The role of Hox-Exd dimer formation

Our results suggest that the interaction of Hox proteins with Exd/Pbx through the YPWM motif is important, not only because the presence of two homeodomains allows for a larger and more specific DNA sequence readout in the major groove, but also because it favors conformations of the linker and N-terminal arm residues such that they can recognize structural patterns in the minor groove. Indeed, it appears that these residues are unable to assume these conformations in the absence of Exd/Pbx. That these residues have not been observed in two other Hox-Exd/Pbx ternary complexes may suggest that their intrinsic flexibility is designed to inhibit binding to the wrong DNA site. That is, only when the protein sequence is compatible with the structure of the minor groove will the stabilizing interaction be strong enough to overcome the entropic loss associated with binding.

Studies on homeodomain–DNA binary complexes also suggest that the N-terminal arm has a tendency to be disordered, unless presented with a DNA structure that provides sufficient stabilizing interactions to compete with conformational entropy. For example, residues 1 to 4 are not observed in the Antp and Engrailed X-ray complexes (Fraenkel and Pabo, 1998; Fraenkel et al., 1998). In contrast, most of the N-terminal arm is structured in an Even-skipped–DNA complex where, notably, both Arg3 and Tyr4 insert into the minor groove (Hirsch and Aggarwal, 1995). In that complex the minor groove is quite narrow where Arg3 inserts, consistent with the idea that a narrow groove is required to structure a region of the protein which is intrinsically disordered. In the HoxA9–Pbx–DNA ternary complex, the N terminal arm is also ordered but in that case, a very short linker severely limits the conformational freedom of the N-terminal arm (LaRonde-LeBlanc and Wolberger, 2003).
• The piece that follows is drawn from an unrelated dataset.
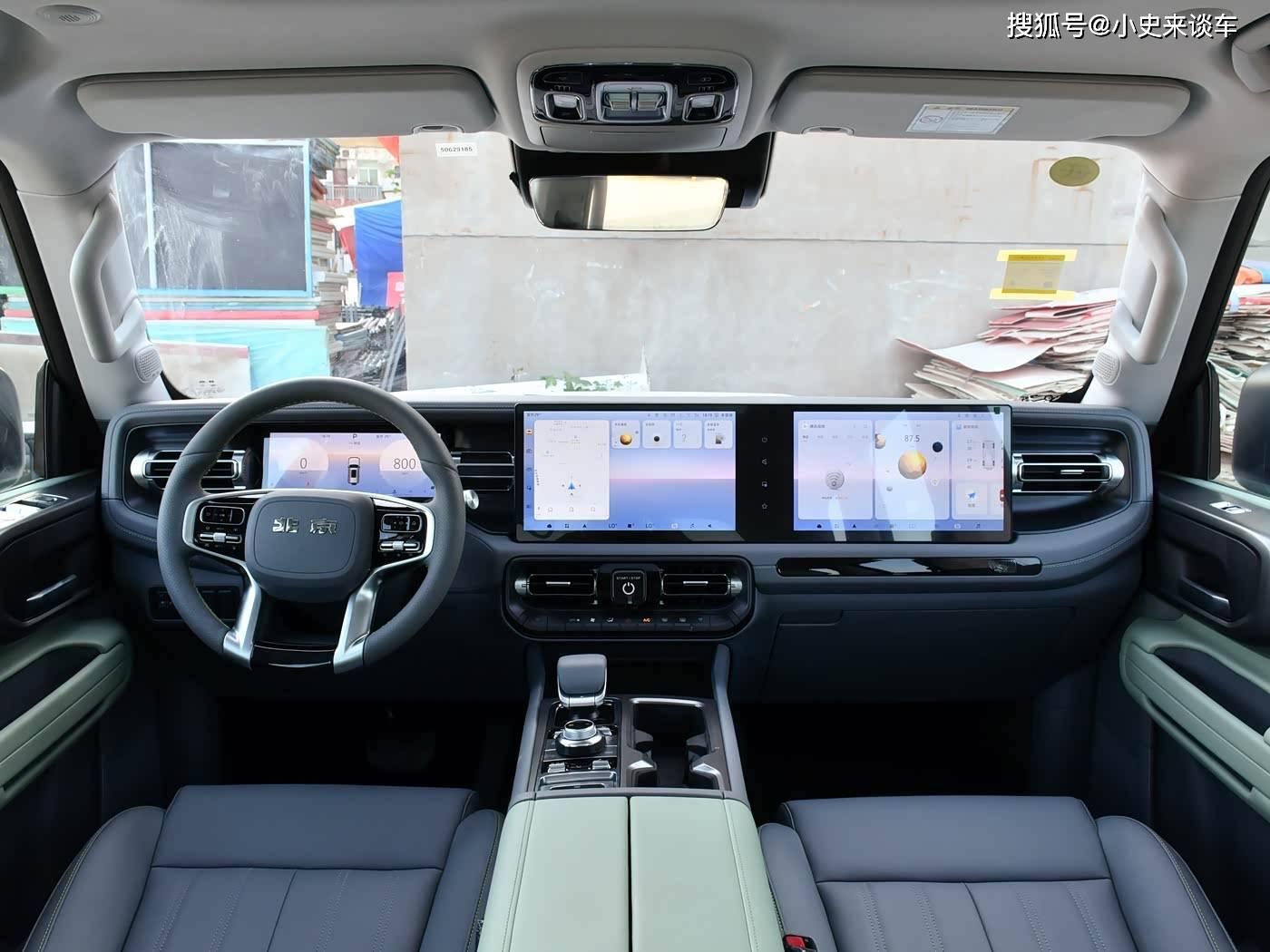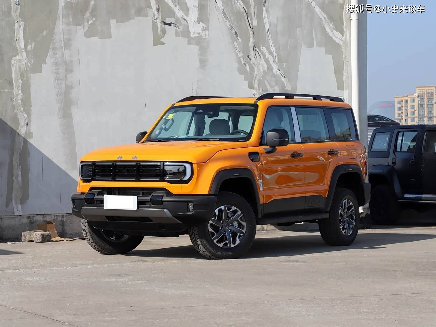車身設計延續硬派越野的經典方盒子造型,平直的車頂線條與垂直車門立柱構成方正輪廓,既保留原始越野氣質,又為車內頭部空間提供最大化保障。黑化處理的行李架與寬體輪眉形成視覺呼應,輪眉處粗獷的線條設計強化了力量感,搭配17英寸輪轂與AT輪胎,越野屬性一目了然。無框車門設計在硬派越野車型中較為罕見,配合側踏板既提升上下車便利性,又增添時尚元素。整車尺寸為4790mm×1940mm×1929mm,軸距達2760mm,在同級車型中具備空間優勢。
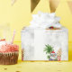 Whimsical Santa Claus, palm tree, pineapple on bokeh background make this a perfect Christmas or holiday greeting card for friends and family.

The role of DNA structure in conferring specificity

As seen in the crystal structure, binding of Scr-Exd to fkh250con* involves residues that are present in all Hox proteins, thus providing an explanation for why this site is not specific for a particular paralog. As discussed above, the answer to the inverse question, of why fkh250 preferentially binds Scr-Exd, involves the insertion of His-12 and Arg3 into the minor groove, which is narrower than the equivalent region in fkh250con*. That a narrow groove is an inherent feature of the fkh250 site suggests the more general idea that Hox proteins recognize their specific binding sites by reading a sequence-dependent DNA structure which, in turn, enhances the negative electrostatic potential and attracts the positively charged Arg/His pair. Thus, local differences in electrostatic potential provide an explanation for why sequence-dependent DNA conformations can attract basic amino acids. This shape-dependent DNA recognition mechanism is distinct from “direct readout” mechanisms that involve specific hydrogen bond formation and hydrophobic contacts between amino acid side chains and bases. It is also distinct from “indirect readout” where protein binding is influenced by the global shape of a DNA molecule or by sequence-dependent DNA bending and deformability (Hizver et al., 2001; Lavery, 2005; Rohs et al., 2005b; Zhurkin et al., 2005).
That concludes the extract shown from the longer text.